- _Problem to solve_
Everything in the data should be repeated exactly, save for the images.
:: Recorded information ::
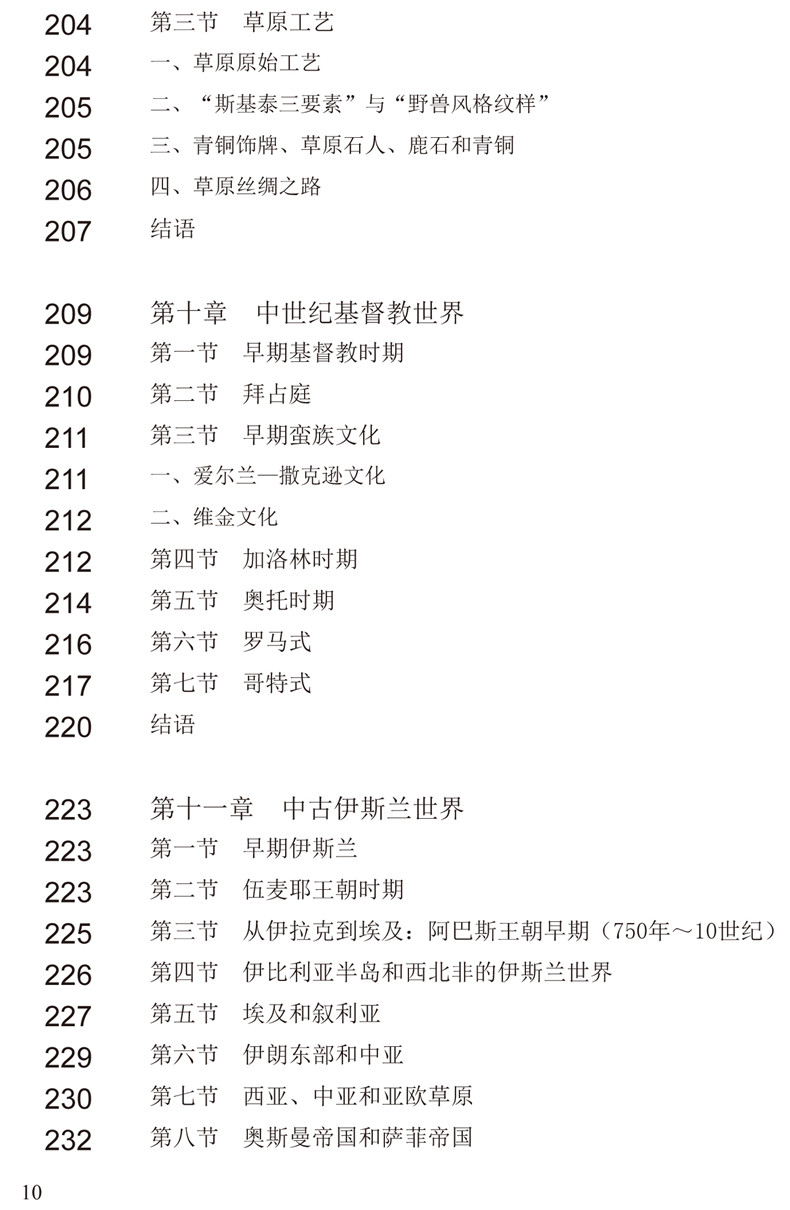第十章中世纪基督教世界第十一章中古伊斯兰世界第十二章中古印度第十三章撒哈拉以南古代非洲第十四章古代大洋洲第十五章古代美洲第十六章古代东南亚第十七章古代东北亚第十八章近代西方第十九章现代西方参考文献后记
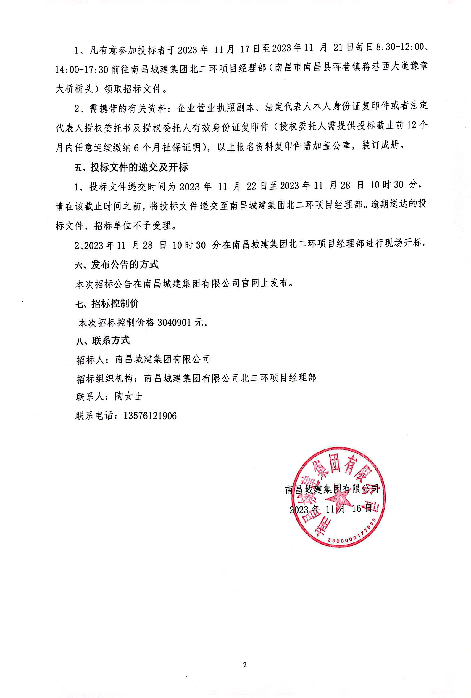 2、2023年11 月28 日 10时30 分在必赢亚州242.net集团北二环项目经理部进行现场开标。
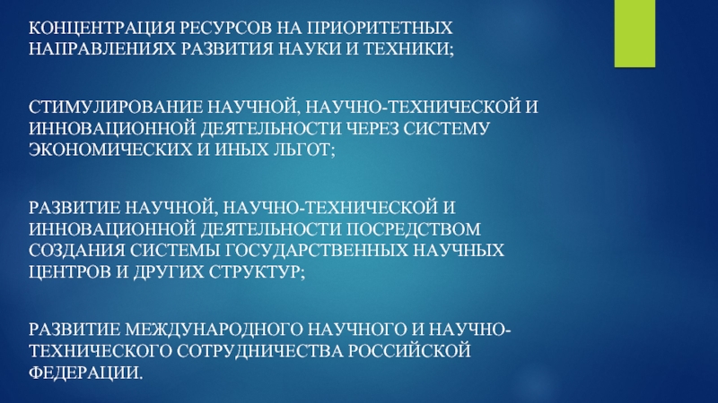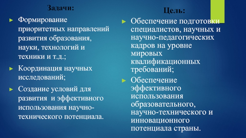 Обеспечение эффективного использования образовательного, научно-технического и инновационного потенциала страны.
:::
- _Answer to the problem_
第十章中世纪基督教世界第十一章中古伊斯兰世界第十二章中古印度第十三章撒哈拉以南古代非洲第十四章古代大洋洲第十五章古代美洲第十六章古代东南亚第十七章古代东北亚第十八章近代西方第十九章现代西方参考文献后记
 2、2023年11 月28 日 10时30 分在必赢亚州242.net集团北二环项目经理部进行现场开标。
 Обеспечение эффективного использования образовательного, научно-технического и инновационного потенциала страны.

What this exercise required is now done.